___ DATA UNDER STUDY ___

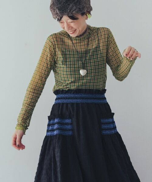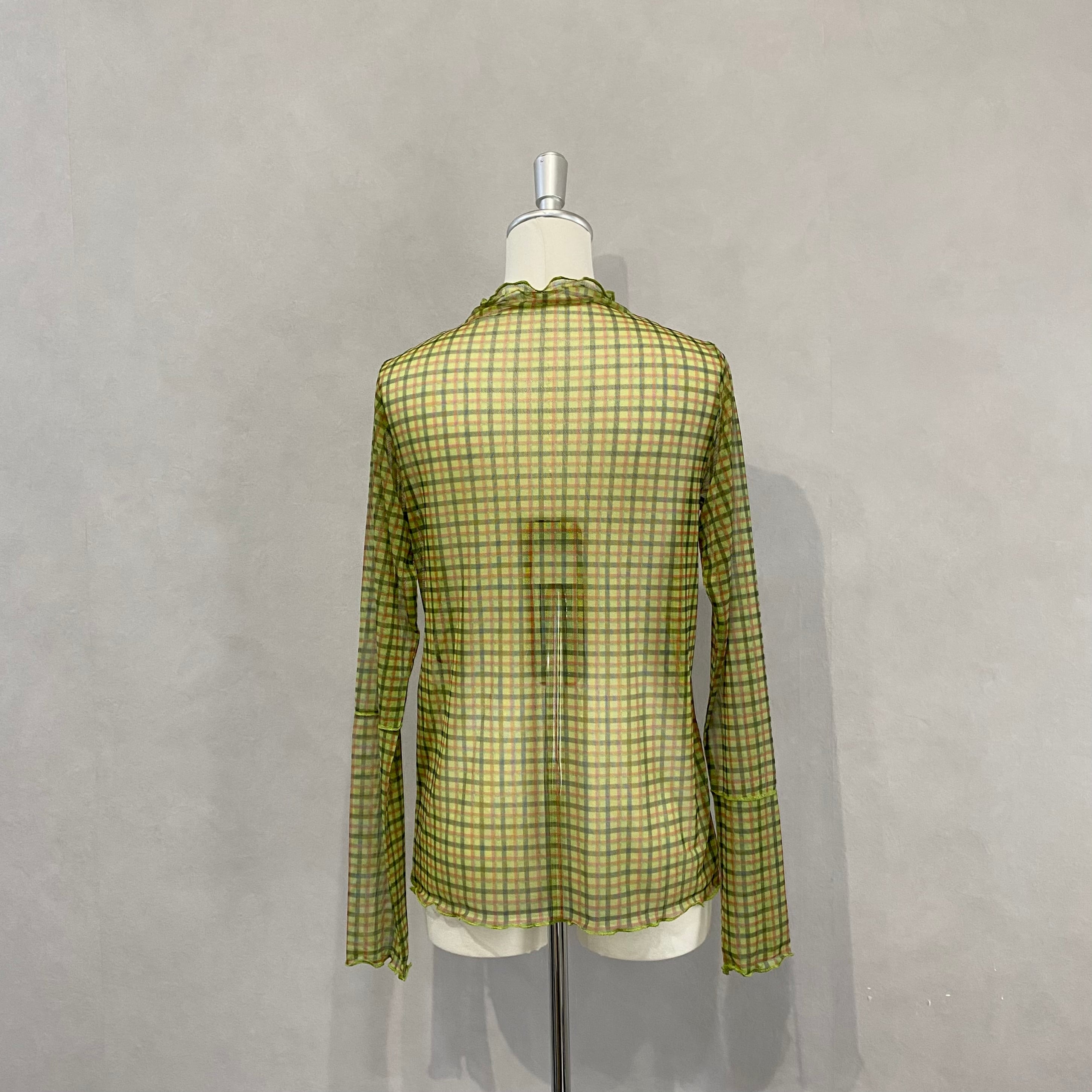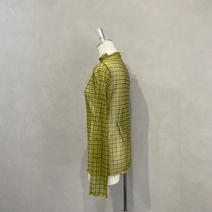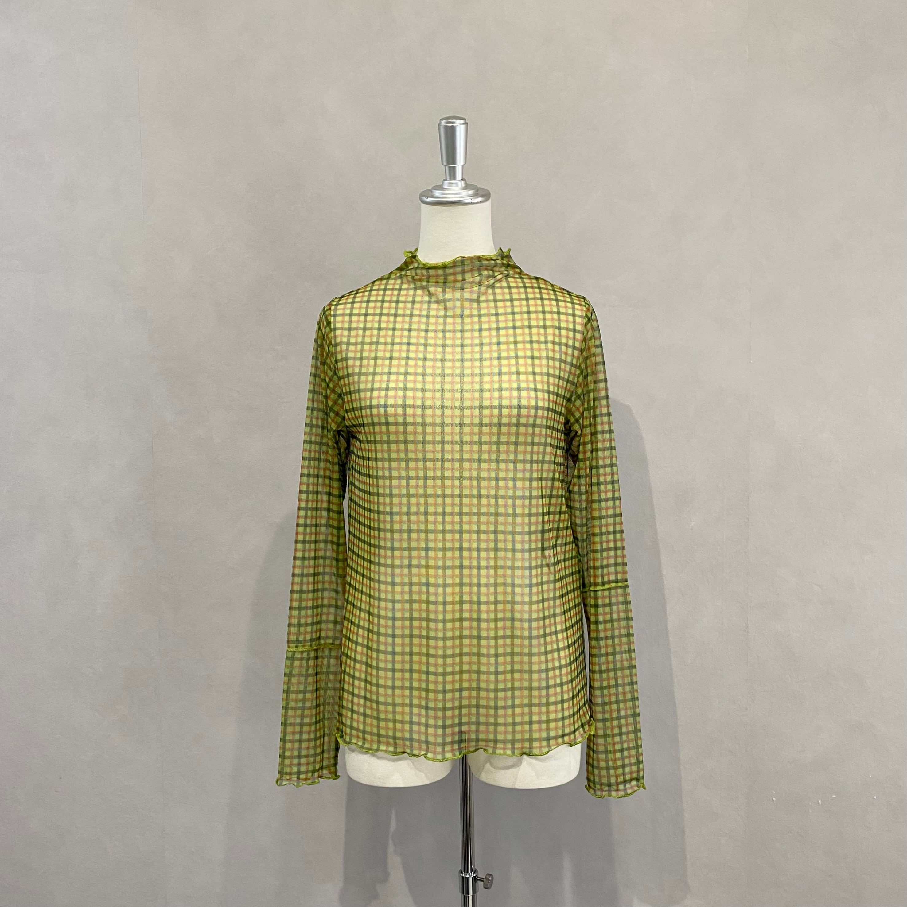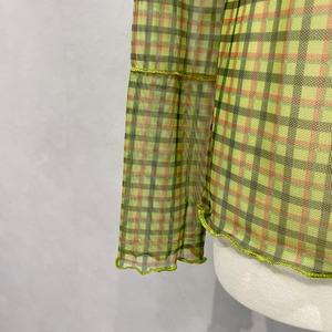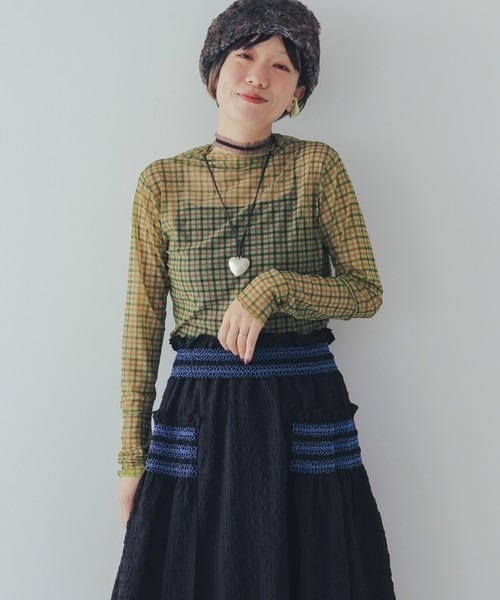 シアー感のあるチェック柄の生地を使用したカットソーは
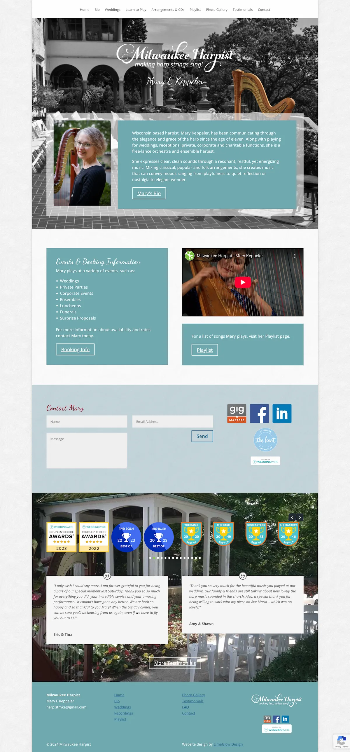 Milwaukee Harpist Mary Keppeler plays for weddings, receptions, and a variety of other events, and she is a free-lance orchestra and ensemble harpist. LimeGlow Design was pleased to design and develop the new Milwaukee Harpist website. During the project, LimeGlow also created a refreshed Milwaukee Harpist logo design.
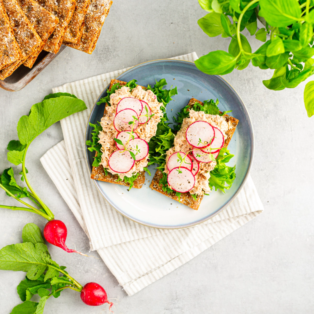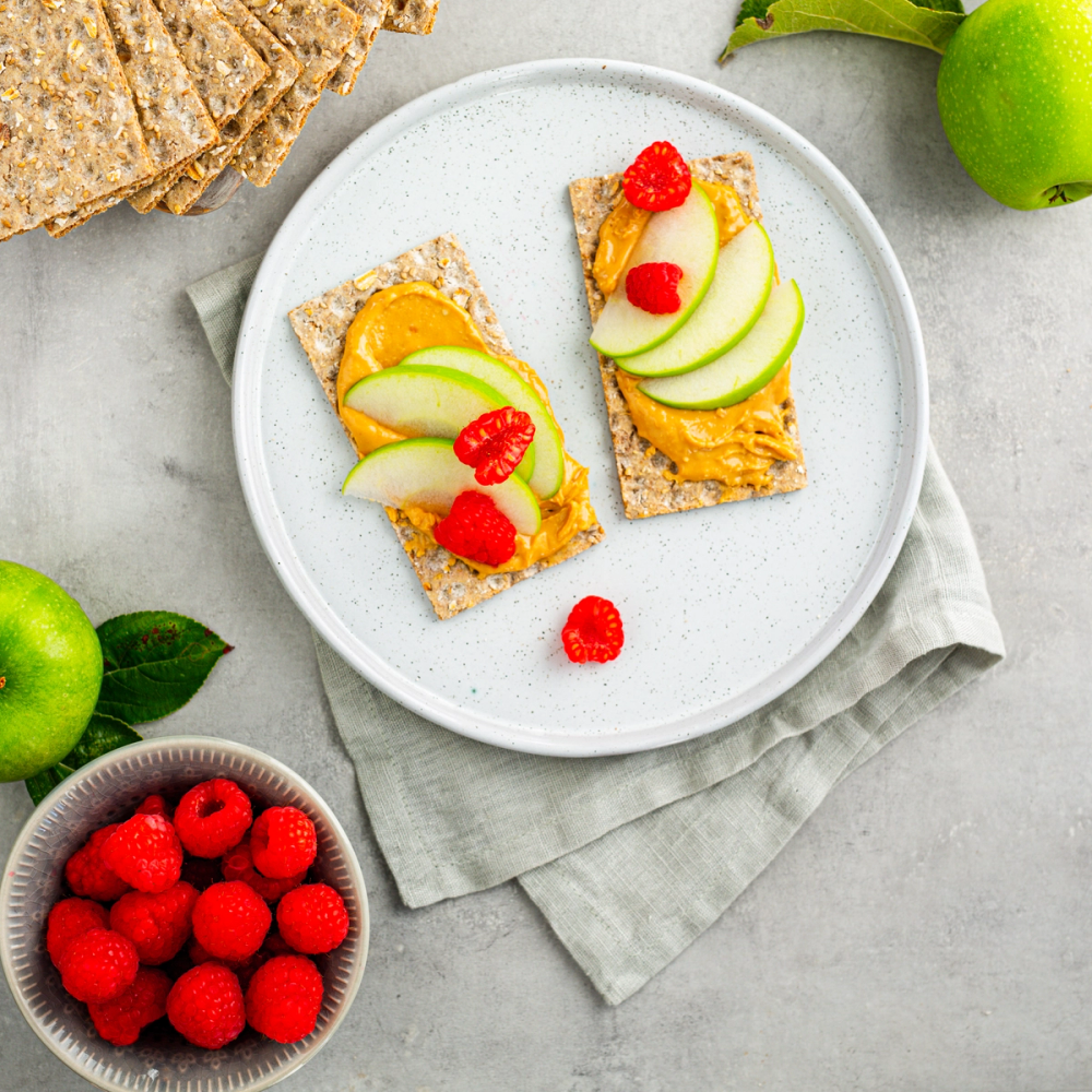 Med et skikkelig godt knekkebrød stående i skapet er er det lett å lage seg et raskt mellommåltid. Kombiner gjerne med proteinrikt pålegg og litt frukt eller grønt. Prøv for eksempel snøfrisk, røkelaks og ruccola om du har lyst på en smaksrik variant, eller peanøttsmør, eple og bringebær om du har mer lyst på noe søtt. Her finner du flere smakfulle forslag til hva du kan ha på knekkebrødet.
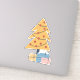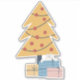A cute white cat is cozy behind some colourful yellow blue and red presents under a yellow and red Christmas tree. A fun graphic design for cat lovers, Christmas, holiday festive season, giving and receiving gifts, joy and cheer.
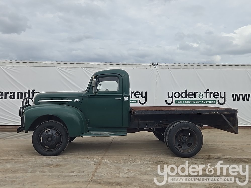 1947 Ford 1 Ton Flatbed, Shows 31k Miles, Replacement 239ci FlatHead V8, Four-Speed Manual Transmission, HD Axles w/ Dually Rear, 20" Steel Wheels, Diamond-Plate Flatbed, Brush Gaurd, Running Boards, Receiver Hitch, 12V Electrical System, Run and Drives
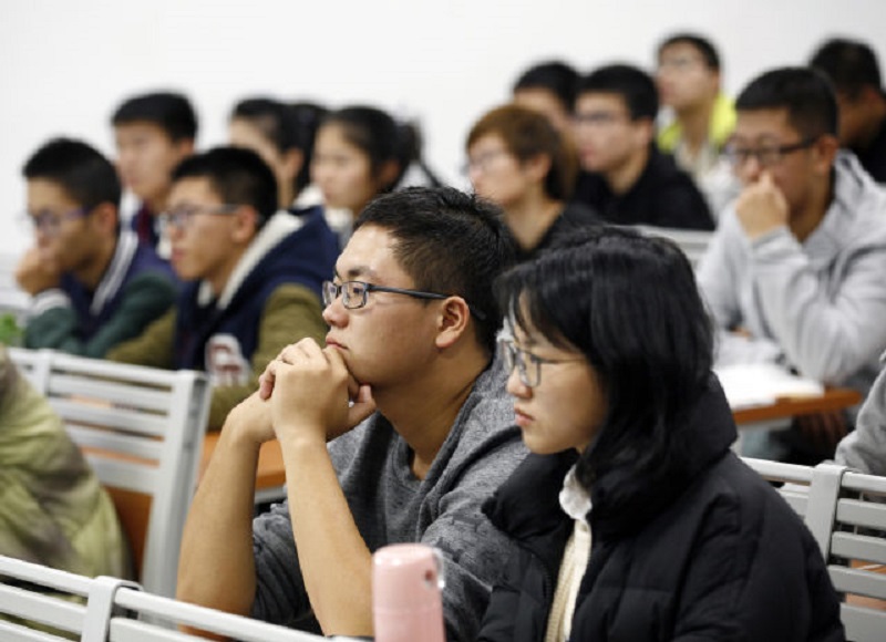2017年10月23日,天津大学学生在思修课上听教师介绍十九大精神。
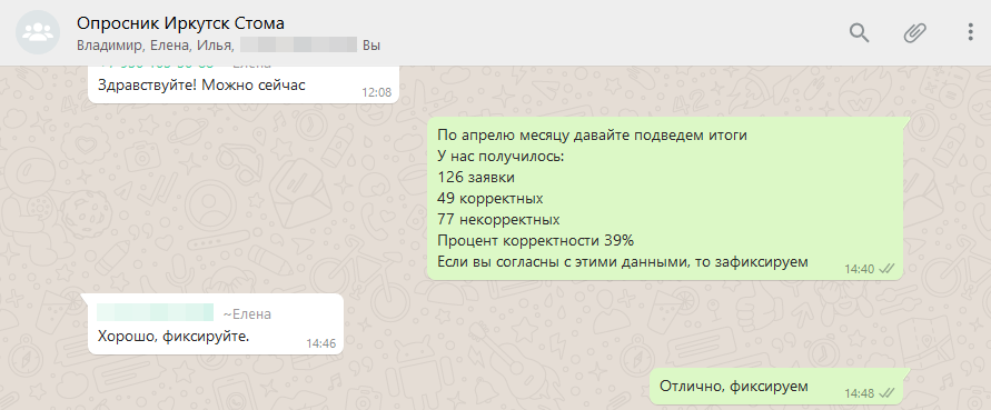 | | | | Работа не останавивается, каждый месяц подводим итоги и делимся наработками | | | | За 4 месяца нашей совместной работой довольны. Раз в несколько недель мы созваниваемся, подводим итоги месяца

___

The entries above should be written out in full, and any picture in them left out.

ANSWER:
 シアー感のあるチェック柄の生地を使用したカットソーは
 Milwaukee Harpist Mary Keppeler plays for weddings, receptions, and a variety of other events, and she is a free-lance orchestra and ensemble harpist. LimeGlow Design was pleased to design and develop the new Milwaukee Harpist website. During the project, LimeGlow also created a refreshed Milwaukee Harpist logo design.
 Med et skikkelig godt knekkebrød stående i skapet er er det lett å lage seg et raskt mellommåltid. Kombiner gjerne med proteinrikt pålegg og litt frukt eller grønt. Prøv for eksempel snøfrisk, røkelaks og ruccola om du har lyst på en smaksrik variant, eller peanøttsmør, eple og bringebær om du har mer lyst på noe søtt. Her finner du flere smakfulle forslag til hva du kan ha på knekkebrødet.
A cute white cat is cozy behind some colourful yellow blue and red presents under a yellow and red Christmas tree. A fun graphic design for cat lovers, Christmas, holiday festive season, giving and receiving gifts, joy and cheer.
 1947 Ford 1 Ton Flatbed, Shows 31k Miles, Replacement 239ci FlatHead V8, Four-Speed Manual Transmission, HD Axles w/ Dually Rear, 20" Steel Wheels, Diamond-Plate Flatbed, Brush Gaurd, Running Boards, Receiver Hitch, 12V Electrical System, Run and Drives
2017年10月23日,天津大学学生在思修课上听教师介绍十九大精神。
 | | | | Работа не останавивается, каждый месяц подводим итоги и делимся наработками | | | | За 4 месяца нашей совместной работой довольны. Раз в несколько недель мы созваниваемся, подводим итоги месяца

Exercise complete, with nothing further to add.